■ Problem to work on ■
Below are some records. Return exactly their lines from the one containing "Linoleumssnit på papir" through the one containing "Le sac papier", and drop the pictures.

■ Exercise input ■
--------------------------------
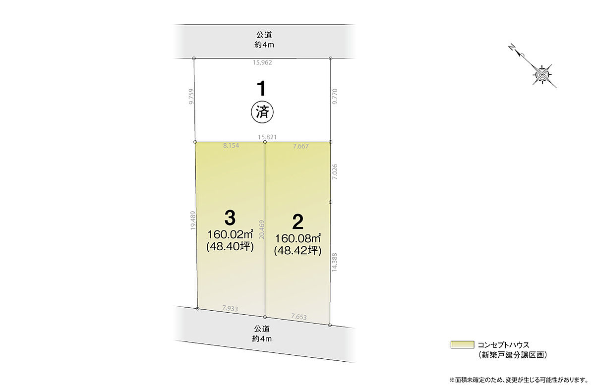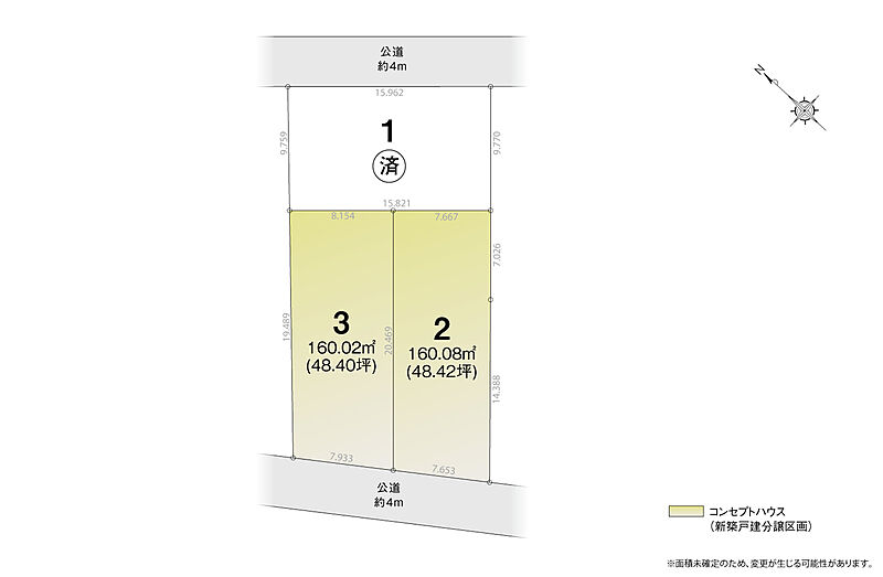 | 建物面積 | 102.28m2(30.93坪) | 土地面積 | 160.02m2(48.40坪)・160.08m2(48.42坪) |
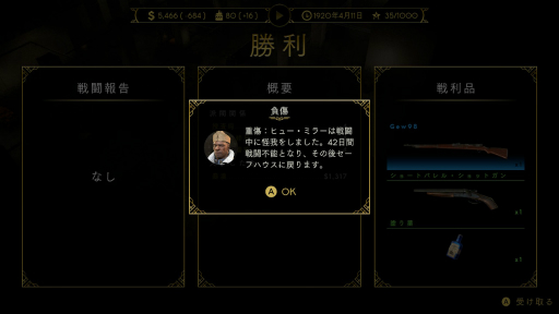 店に自動配備される護衛ではとても歯が立たないし,自分(ボス)が手下を率いて応戦しても被害が大きい。特に,ダメージを受けすぎた者は「重傷」状態となってしばらくパーティを離れてしまうので痛い。そんなことになるよりは,抵抗せずに降参してしまうのが現実的だ。長いものに巻かれつつ,営業停止期間が過ぎたら再び稼ぎ始めよう。ゲームの中でもギャングらしい処世術が有効なのだ。
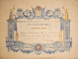 AVIGNON (84). CONSERVATOIRE DE MUSIQUE. Concours de 1863 & 1864 – 2 Diplômes lithographiées par A. CHAUVIN à Avignon, remplis à l’encre –
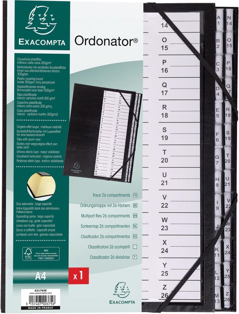 Exacompta sorteermap Ordonator met harde kaft, bedrukte alfabetische ruiters, 26 vakken, zwart
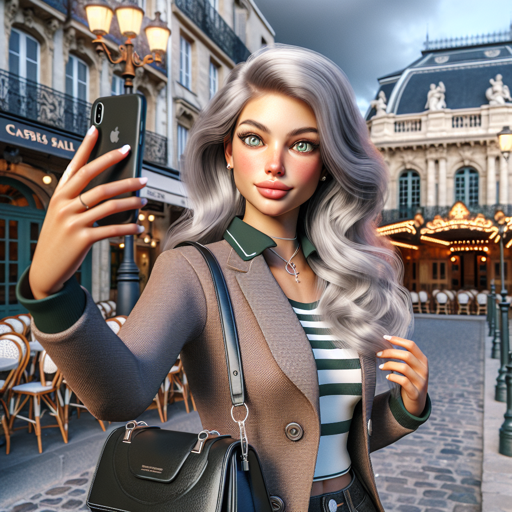 Generate a photorealistic image of a fashion influencer. She is a french young woman in her mid-20s with long, natural gray hair and emerald eyes. She is accessorized with a preppy, stylish activewear worn with a blazer and sporty trainers. She has a sophisticated expression and is posing in front of a historic theater with ornate architecture. She holds a smartphone in one hand, ready to take a selfie, and a designer handbag hangs from her shoulder. The background includes charming cafes and outdoor seating, with a cozy pub with a fireplace and cozy booths. 2K
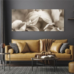 Quadro su vetro - Primo piano di fiori in una delicata tonalità seppia con contorni morbidi - 120x50cm - Mite come un sorriso - Decorazione murale moderna per soggiorno e camera da letto ARTTOR
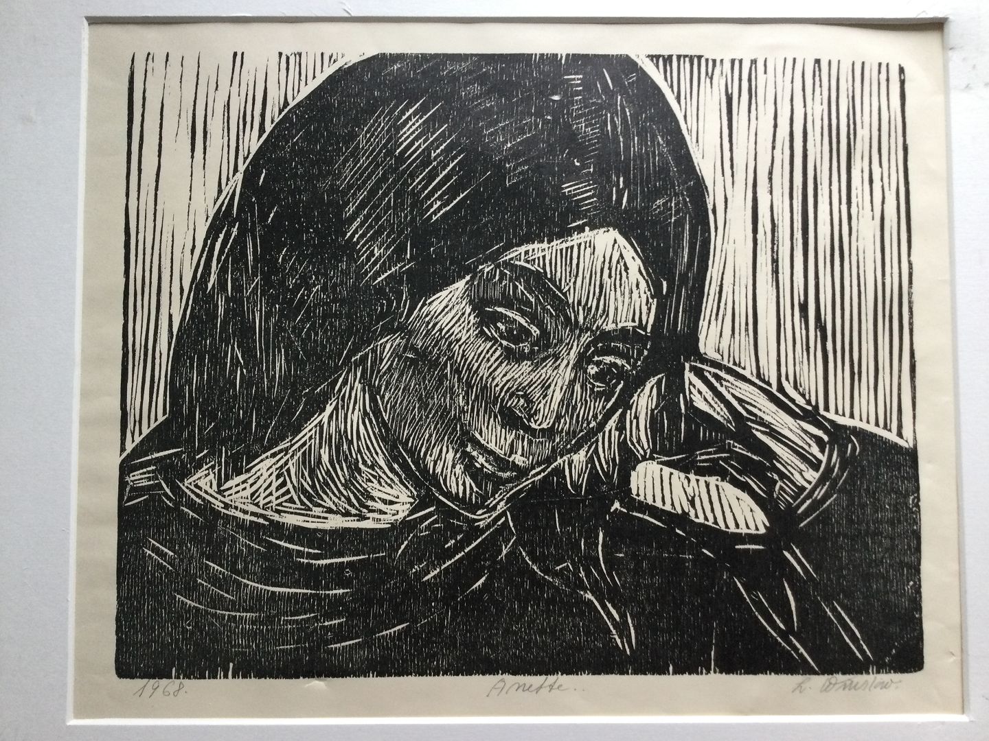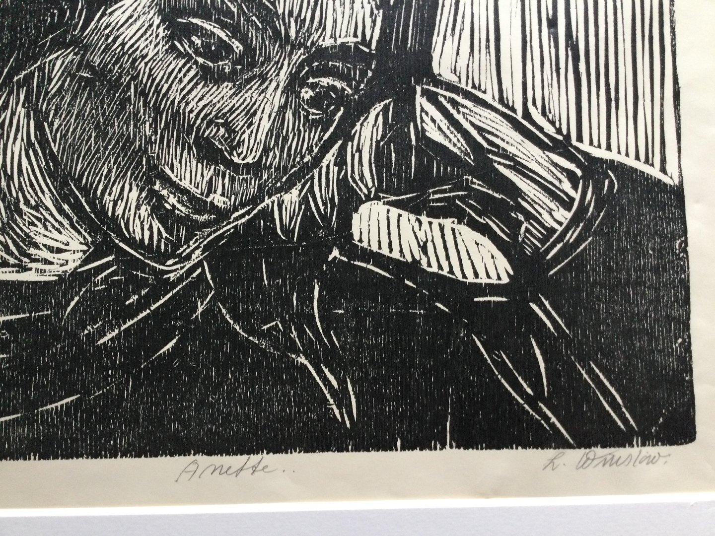 Linoleumssnit på papir monteret på passepartout.
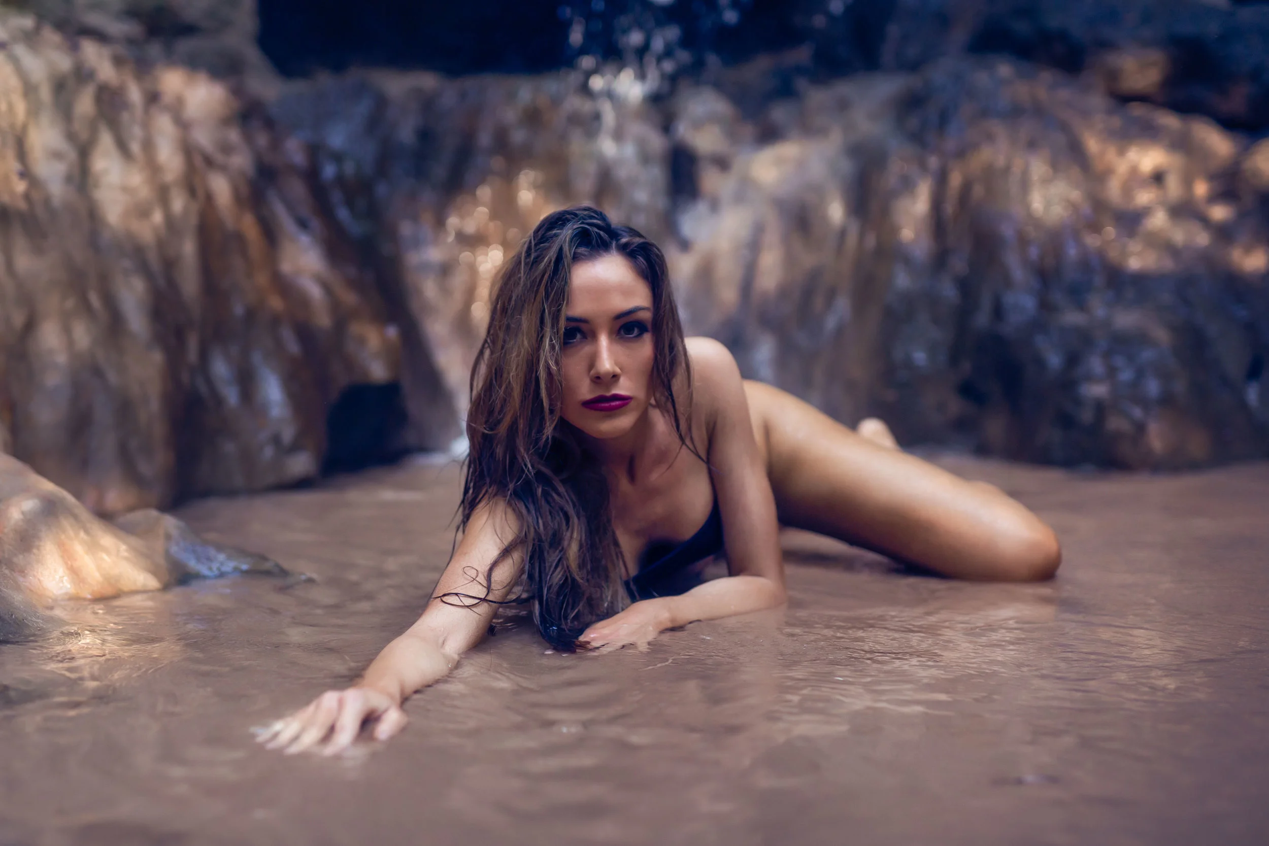 Recently we had way too much fun for this exciting outdoor shoot in these gorgeous waterfalls! We have worked with Miss D on several projects and know that she is an amazing model up for anything - even a high fashion boudoir & bikini shoot in a chilly waterfall! Miss D is breathtaking in these photos and our
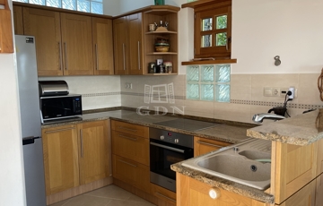 Földszint: nappali + étkező (19,8 m²) + konyha (7,2 m² ) légtérben split klímával, vendégszoba (8,9 m²) + zuhanyzós fürdő (2,4 m²)
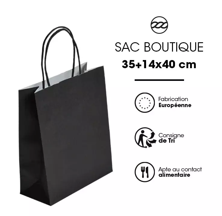 Le sac papier GI21278 est une solution élégante, pratique et écologique pour l'emballage et le transport de produits alimentaires ou non alimentaires. Avec ses dimensions généreuses de 35 x 14 x 40 cm et sa finitions noire mate, il assure un transport sécurisé tout en offrant un aspect raffiné. Fabriqué en papier résistant de 100 g/m², il est doté de poignées torsadées solides pour une manipulation facile. Conditionné par lot de 50, il convient aussi bien aux commerces de détail qu’aux restaurateurs.
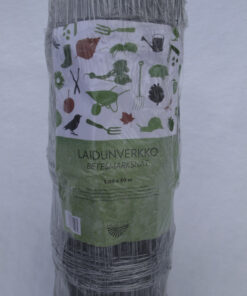 MYYDÄÄN MYYMÄLÄSTÄ NOUDETTUNA. Lammas- ja eläinaitaverkko.  Galvanoitua teräslankaa.  Langan vahvuun 2 mm. Silmäkoko kasvaa alareunasta yläreunaan.  Pystylankojen väli 15 cm, silmäkorkeudet alkaen 8,5 cm, ylhäällä 20 cm. Verkon korkeus 1,2 metriä, rullan pituus 50 metriä.
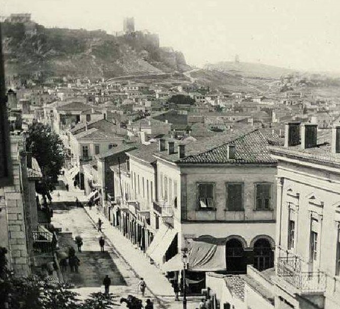 Στην φωτογραφία που έχει τραβηχτεί την δεκαετία το 1870 βλέπετε την οδό Αιόλου. Στην εικόνα του φωτογράφου Konrad Helbig διακρίνεται το Ωρολόγιο του Κυρήστου (Αέρηδες) και η περιοχή της Πλάκας.
--------------------------------
■ Written solution ■
 Linoleumssnit på papir monteret på passepartout.
 Recently we had way too much fun for this exciting outdoor shoot in these gorgeous waterfalls! We have worked with Miss D on several projects and know that she is an amazing model up for anything - even a high fashion boudoir & bikini shoot in a chilly waterfall! Miss D is breathtaking in these photos and our
 Földszint: nappali + étkező (19,8 m²) + konyha (7,2 m² ) légtérben split klímával, vendégszoba (8,9 m²) + zuhanyzós fürdő (2,4 m²)
 Le sac papier GI21278 est une solution élégante, pratique et écologique pour l'emballage et le transport de produits alimentaires ou non alimentaires. Avec ses dimensions généreuses de 35 x 14 x 40 cm et sa finitions noire mate, il assure un transport sécurisé tout en offrant un aspect raffiné. Fabriqué en papier résistant de 100 g/m², il est doté de poignées torsadées solides pour une manipulation facile. Conditionné par lot de 50, il convient aussi bien aux commerces de détail qu’aux restaurateurs.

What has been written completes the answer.